Stage 1 (Parsing) — Each document loader (HwpDocumentLoader, PdfDocumentLoader, etc.) reads the original file and converts it into a DoclingDocument, a structured model containing text, headings, tables, and code blocks in a tree structure.

Stage 2 (Serialization) — When DoclingDocument.ToMarkdown() is called, the internal MarkdownSerializer traverses the tree and produces a Markdown string. Table rendering can be swapped via ITableSerializer. HWP documents default to SemanticTableSerializer, which renders form-style tables with bold group labels.

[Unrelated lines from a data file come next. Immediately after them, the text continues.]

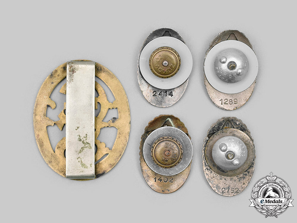 1. four Military School Badges: DU = Artillery School (Delostrelecke Uciliste), numbered "2414"; VU = Military School of Hero of Soviet Union Captain O Jaros (1958-) (Vojenske Uciliste Hrdiny SSSR Kapitana O Jarose), numbered "1289"; LTU = Air Force Technical School (Letecke Technicke Uciliste), numbered "1402"; LU = Air Force School (Letecke Uciliste), numbered "2752" (each badge with a two-piece construction, in silvered bronze with red enamels, number impressed on the reverse, the first two measuring 24.5 mm (w) x 36.3 mm (h), the latter two measuring 24.2 mm (w) x 36 mm (h), all four with a screwback maker marked "ZUKOV" and support plate);
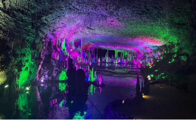 好看的是石林仙姿处,也是最容易出片的地方,在灯光的效果下,奇形怪状的钟乳石和洞里暗河相映成趣,将地底变成了一个奇妙的精绝世界。
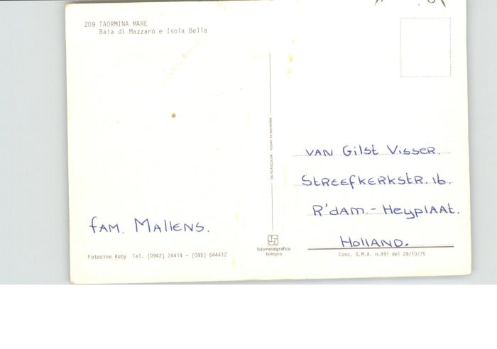 old postcard Taormina Sizilien Baia Mazzaro Isola Bella postalisch gelaufen
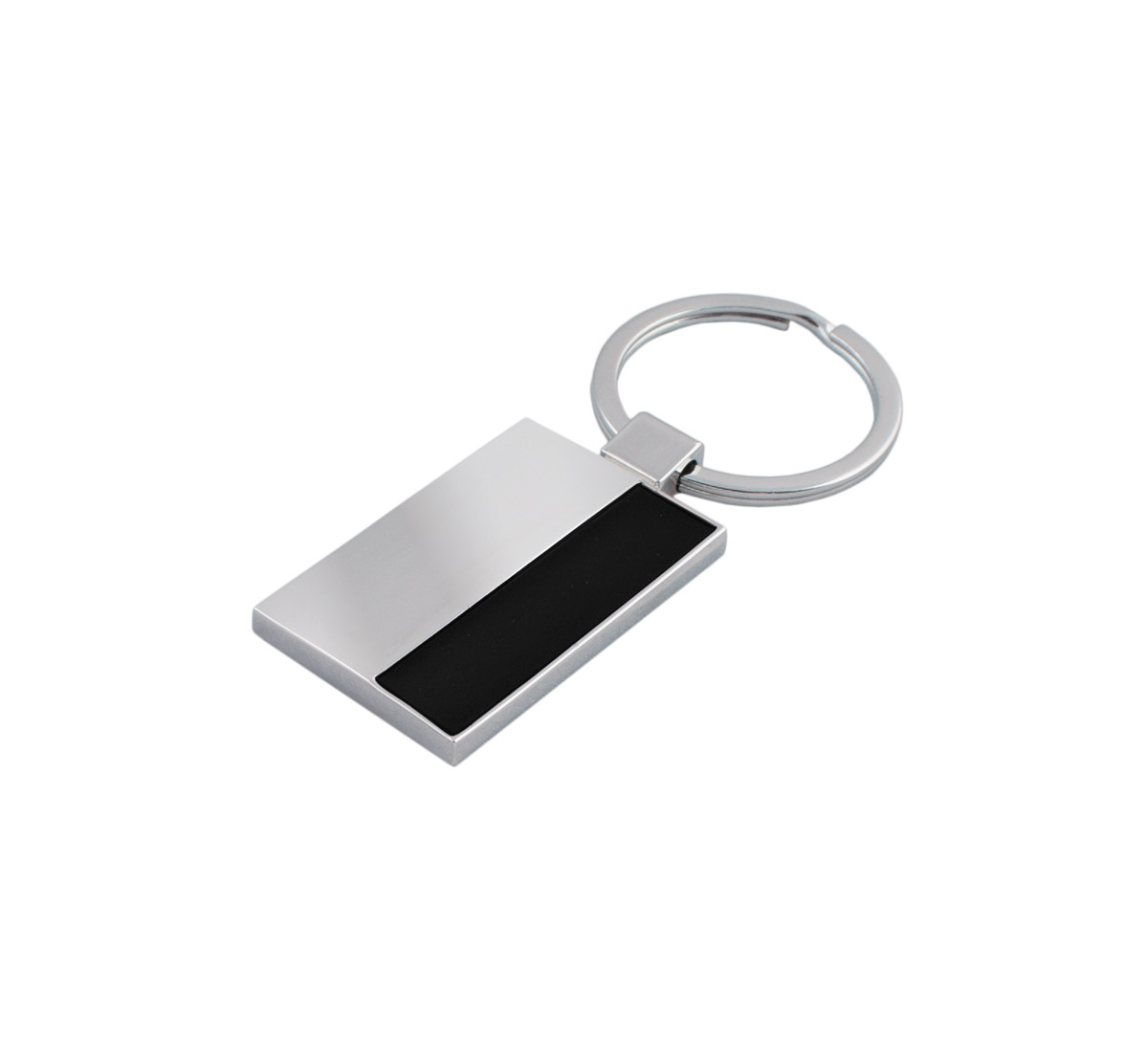Metal rectangular shaped keychain with metal split keyring.
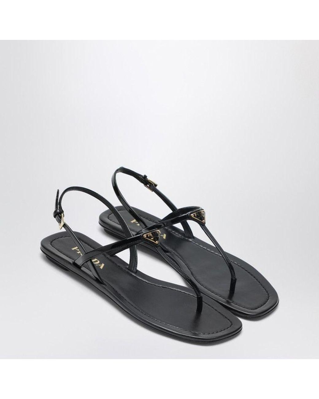 Sandal in black patent leather, featuring thong design, enamelled metal triangle logo on the front, adjustable ankle strap and rubber sole.SpecificationValueSeasonSS26Composition100% LEATHER / RUBBER SOLEColorBLACKColor CodeF0002Made InITALYISOITDepartmentWomenSectionSHOESSubsectionSANDALSSize InformationSHOES ITSize CodeIT Colour: multicolour
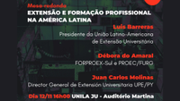 16h às 18h: Mesa-redonda - "Extensão e Formação profissional na América Latina", com Luis Barreras (Presidente da União Latino-Americana de Extensão Universitária), Débora do Amaral (FORPROEX-Sul e PROEC/FURG), e Juan Carlos Molinas (Director General de Extensión Universitaria UPE/PY).
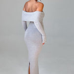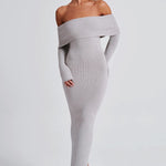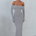 Tricôs leves são A menina. Nós adoramos nosso lindo e suave vestido maxi Beverley, feito em tricô premium que se ajusta ao seu corpo como uma luva. Com um estilo off the shoulder e um painel largo de bardot, mangas longas e ajustadas que se alargam na barra e uma pequena fenda na parte de trás da saia, combine o seu com ondas soltas e descontraídas e joias em ouro.
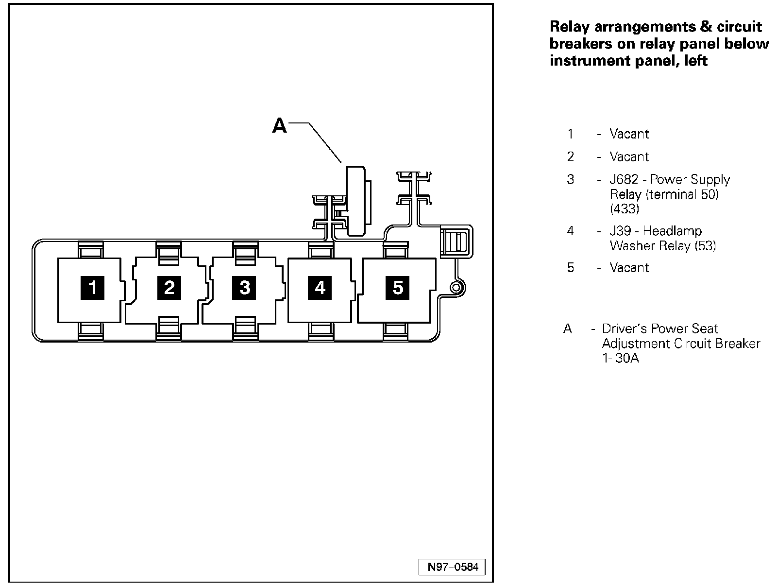 Relay Arrangements & Circuit Breakers On Relay Panel Below Instrument Panel, Left:
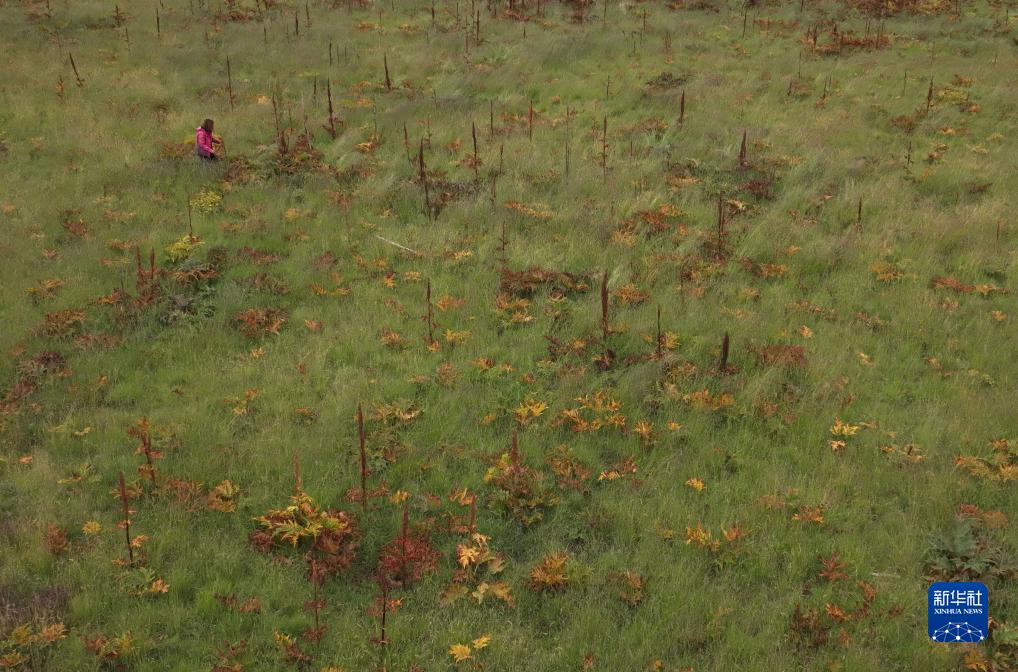 9月5日,中國科學院西北高原生物研究所副研究員楊路存在果洛藏族自治州甘德縣崗龍鄉一處“草藥間種”的黑土灘治理試驗田中查看植被生長情況(無人機照片)。

Stage 3 (Chunking) — The RAG pipeline's MarkdownTextSplitter receives the Markdown string and splits it into search-friendly chunks. It organizes sections by headers (#, ##, etc.) and automatically includes breadcrumbs (parent header paths) in each chunk.

Because these three stages are decoupled, adding a new document loader or changing the table rendering strategy does not affect the other stages.